Dans le judaïsme, le sang menstruel est impur et les femmes souillent ce qu’elles touchent lors qu’elles saignent. Elles ont interdiction par exemple de toucher la Torah pendant cette période, selon les lois de la nida (loi portant sur la période des menstruations). Les lois de la nida affirment que l’interdit sexuel pendant les menstruations freinent l’instinct sexuel. En Grèce, les prêtresses qui vouaient un culte aux déesses et aux dieux étaient impubères ou ménopausées et abstinentes, selon Claudine Leduc et Agnès Fine. Dans l’Islam, selon la sourate 5 du Coran, les femmes sont impures pendant leurs menstruations et ne peuvent pas pratiquer leur religion, comme cela se retrouve dans le judaïsme. Ces croyances justifiaient que les femmes doivent être soumises aux hommes à cause de l’impureté de leur corps.

©Le Courrier de Diké

 

Quand le corps fait œuvre de sacré

Chez les catholiques et musulmans, la sexualité féminine est encadrée par les préceptes religieux. Selon l’ouvrage Femmes et religions de Claudine Leduc et Agnès Fine qui regroupent plusieurs études, la récente désaffection d’une partie des femmes quant à la pratique religieuse depuis les années 1960 est le résultat d’une émancipation des femmes depuis le droit à la contraception et à l’avortement, fortement décrié par l’Église catholique. En témoignent la notion du droit des femmes à disposer librement de leur corps qui s’oppose aux mouvements anti-avortement. On peut imaginer que c’est une des raisons pour laquelle le Pape Jean-Paul II publia dès son élection au pontificat, de 1979 à 1984, des catéchèses sous le titre La théologie du corps, l’amour humain dans le plan divin. Les catéchèses sont une activité de parole qui vise à éduquer les fidèles sur la manière de vivre en accord avec la foi chrétienne. Les 129 conférences du mercredi données par Jean-Paul II avaient pour objectif de prêcher une théologie du corps nouvelle afin de porter un enseignement sur la sexualité et le mariage aux fidèles. C’est une doctrine qui marque un changement théologique profond dans la morale de l’Église grâce à la relecture des textes bibliques par le Pape. La communion des corps de l’homme et de la femme est à l’image de la communion trinitaire, le Père, le Fils et l’Esprit-Saint lors de la prière. Le corps nu de l’homme et de la femme n’est plus honteux mais il rend visible le divin, car les deux êtres n’avaient pas honte avant le péché originel. La sexualité se réalise au sein du mariage car sinon elle est un obstacle à l’amour et à la spiritualité à cause du désir masculin qui est trop fort et de la femme qui en tire profit pour dominer l’homme. D’après cette logique, les femmes sont soumises à leur mari afin de réaliser cette communion, et le mari a le devoir d’aimer.

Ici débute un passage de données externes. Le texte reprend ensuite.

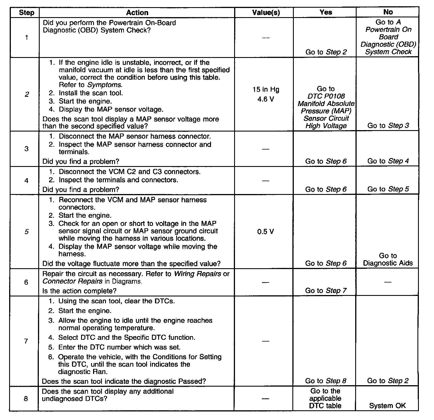 2. If the MAP sensor voltage is more than 4.6 volts then the condition is present. Even though DTC P0108 did not set, this DTC is more comprehensive and may aid in diagnosis.

Les femmes, encore les femmes… Qui sont les femmes ?

Les femmes sont encore aujourd’hui les plus nombreuses parmi les pratiquant·e·s. La religion exerce une influence quotidienne afin de rapprocher les croyant·e·s de Dieu. Aujourd’hui, aux yeux de certaines, la religion n’est plus être synonyme de discriminations. A l’inverse, les femmes continuent d’exercer leur foi tout en s’émancipant. Il ne s’agit plus de se détacher de l’Église mais cette fois de s’émanciper du regard de la société. L’association Lallab, récemment créée par des femmes musulmanes et féministes, dénonce le racisme et le sexisme dont elles sont victimes. Selon leurs chiffres, 80 % des victimes d’agressions islamophobes seraient des femmes. Émancipée et voilée, pour ces femmes cela veut dire considérer le port du voile comme une marque d’identité et non de soumission, c’est un choix. Ce sont pour elles les stéréotypes sur la religion qui entravent la liberté des femmes musulmanes.

©Association Lallab

 

Nadine Weibel, auteur de La modernité de Dieu : regard sur des musulmanes d’Europe libres et voilées, tente de réconcilier les valeurs de l’islam avec la modernité occidentale. La modernité est décrite comme « une attitude ou une façon de penser » qui « touche de nombreux domaines telles les structures politiques, économiques et familiales », et s’opposerait à la tradition. Les femmes musulmanes ont-elles leur place dans les sociétés modernes dé-ritualisées ? Selon Nadine Weibel, c’est le cas, car l’islam est atemporel. « La sécularisation ne constituerait pas une étape indispensable pour accéder à la modernité ». La modernité à l’occidentale est vue comme universaliste comme l’islam, mais face à la standardisation le religieux donne une appartenance sociale. Les femmes s’opposent d’ailleurs à l’ordre patriarcal de la dynastie des Omeyyades (661-750) qui fut responsable, à leurs yeux, de leur oppression dans le passé. Le port du voile n’est pas un fait culturel, ainsi la modernité et l’islam seraient parfaitement compatibles.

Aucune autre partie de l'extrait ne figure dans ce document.